L’implosion du capitalisme du XXème siècle est-elle à craindre ?

  • L’invention récente d’une monnaie non-contrôlée par l’Etat >>Le Bitcoin
  • Un endettement mondial consternant
  • L’écart de richesse entre les « happy-few » et le reste du monde/les autres devient insoutenable
  • Le passage de témoin/savoir entre la génération X et Y et les baby-boomers est sensible. Chaque passage de génération est généralement sensible …
  • Les baby-boomers entrepreneurs ou « les faiseurs » arrivent/sont à la retraite
  • La capitalisation boursière de Facebook est actuellement 3.5x supérieur à celle de Danone (internet a remplacé le yaourt 🙂
  • Les gens commencent à retourner chez leur boucher de quartier malgré la construction permanente de nouveaux centres commerciaux
  • Compétition mondiale du plus long yacht. Trop cool.
  • Les prix de certains appartements à New York ou Londres sont totalement incompréhensibles poussés par une liquidité méga-abondante
  • Le montant des transferts des joueurs-stars dans le football est irréel poussé également par la course aux millions … (€22.4Mn  pour le Ronaldo brésilien en 1997 contre €96Mn pour le Ronaldo portugais en 2009)

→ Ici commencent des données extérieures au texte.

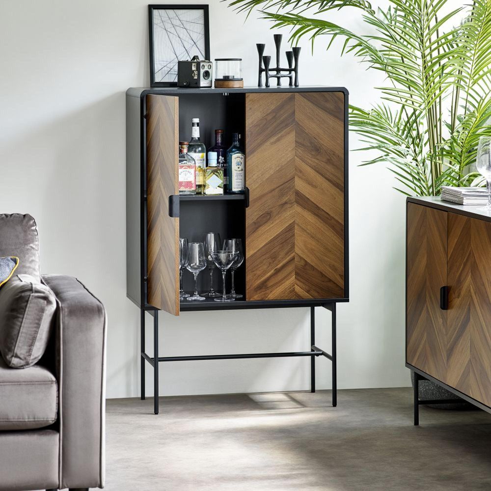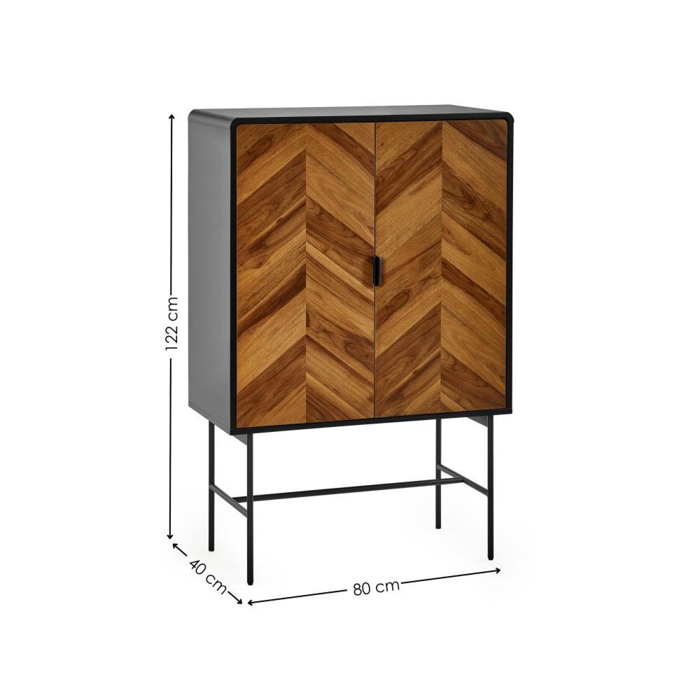 Item Code: ALV002 Add a stylish touch to your home with this contemporary storage cabinet that perfectly blends design and function. Featuring bold chevron wood-effect doors framed by smooth black edges and sleek black edge handles, it brings subtle texture and refined detail to your space. Gently curved edges give it a softer, modern look. Behind the two doors, a fixed shelf offers plenty of room to organise books, dining essentials, or everyday items with ease. Supported by slim black metal legs, it delivers a lightweight feel that complements both modern and industrial interiors. Ideal for living rooms or dining areas. Self-assembly required.

Probablement que la liste est encore longue…

Conclusion :

Issu d’un milieu plutôt privilégié et ayant passé mes dernières années dans des institutions financières, l’idée de mon papier n’est pas de cracher sur le capitalisme. A retenir que beaucoup de belles choses se font notamment dans le domaine des fondations ou autres programmes de charité. Rien qu’aux Etats-Unis, le montant total des actifs dans les « public-charities » se montait à 3 trilliards de USD en 2012.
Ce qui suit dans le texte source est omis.